Game Golden Rule #2: Settings & Controls
This is the second entry in my set of “10 Game Development Golden Rules”. Hopefully, this one is less contentious than the first!
The rule is:
Provide gamma and volume controls, and separate music from sound.
Pretty simple. But essential! The good news is, the AAA titles pretty much universally support this now. And it’s a good thing, as I use these settings all the time.
I have an Xbox 360 but, unlike most Xbox 360s, mine isn’t connected to a TV – it plugs into a second DVI port on one of my 22” widescreen PC monitors. This is awesome because I can run it at 1680×1050 and games look beautiful! (handy bonus: I can web-surf on my other screen while waiting for Matchmaking in Halo 3)
BUT my monitor has a very different colour profile than your average TV, and games with a lot of contrasting light/dark elements can look really bad by default. Gamma controls in your game are pretty essential for me to see the graphics the way the designer intended. I’m sure there are other people in similar situations or even wildly different situations who also need gamma settings. Your game needs to support them too!! And since there’s nothing on the “con” side of the ledger that could make it a bad idea, you have no excuse!

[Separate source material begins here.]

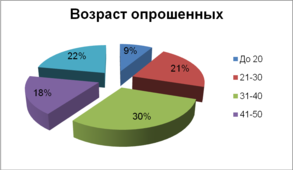 Из выбранной целевой аудитории, преобладающим количеством опрошенных оказались граждане 31-40 лет, что составило 30%. затем шли, те кому больше 50, в основном пенсионеры.21% составили люди в возрасте 21-30 лет.18% -41-50 лет, и 7% составили студенты и учащиеся, до 20 лет.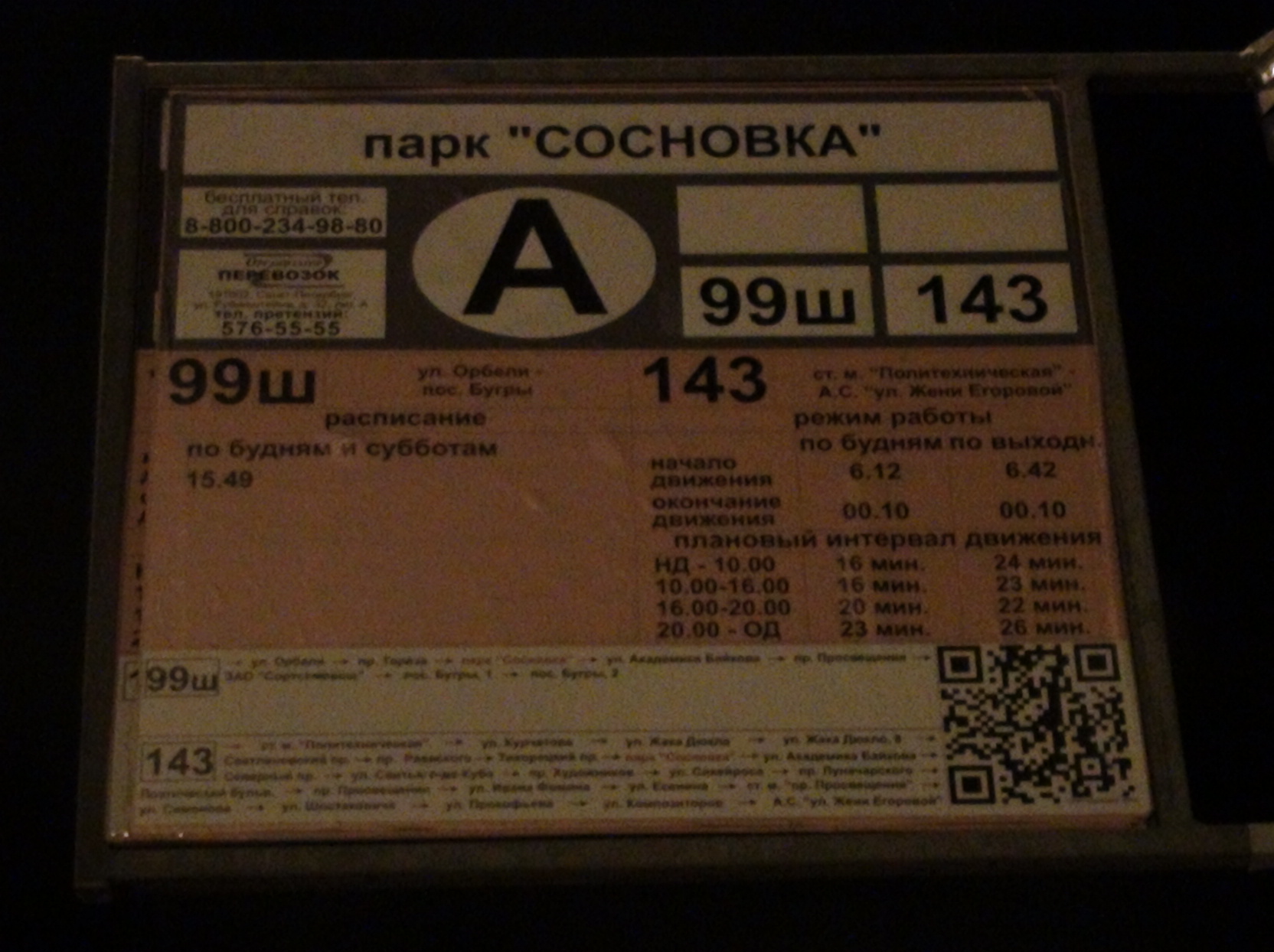 Никогда не обращал внимание на аншлаг на этой остановке. Но случайно обратив на неё внимание, обнаружил, что автобус 99ш только один раз в день ездит, по будням и субботам в 15.49 он на этой остановке. Это так, или я что-то неправильно понял?

Providing separate controls for sound/music: Music is awesome but people like to be able to hear the game sounds sometimes! Particularly in a ‘competitive’ environment, or simply when your game is providing an audio narrative (GTA4 is an excellent example – the “in-car radio” music is huge and contributes to the GTA atmosphere, but you need to turn the music volume down to be able to hear what mission you’re being given via the cellphone). If I’m playing an FPS single-player, I might turn the music up, but in multiplayer I want to use every audio cue the game gives me for competitive advantage, so I need to kill the music or at least turn it down.
Just like with the gamma controls, the good news is this is pretty universal now. But there are still Flash games that don’t separate them (and, even worse: there are plenty that have no Volume settings at all – sound is either On or Off). Sound might *add* to the game experience, but I’d like to set it so that it doesn’t completely drown out my background music, thanks! Vista and Windows 7 allow you to set the volume controls at the “application” level, which solves the problem for me specifically, but it doesn’t help anyone using XP (or anyone who doesn’t know about that feature). Support them too!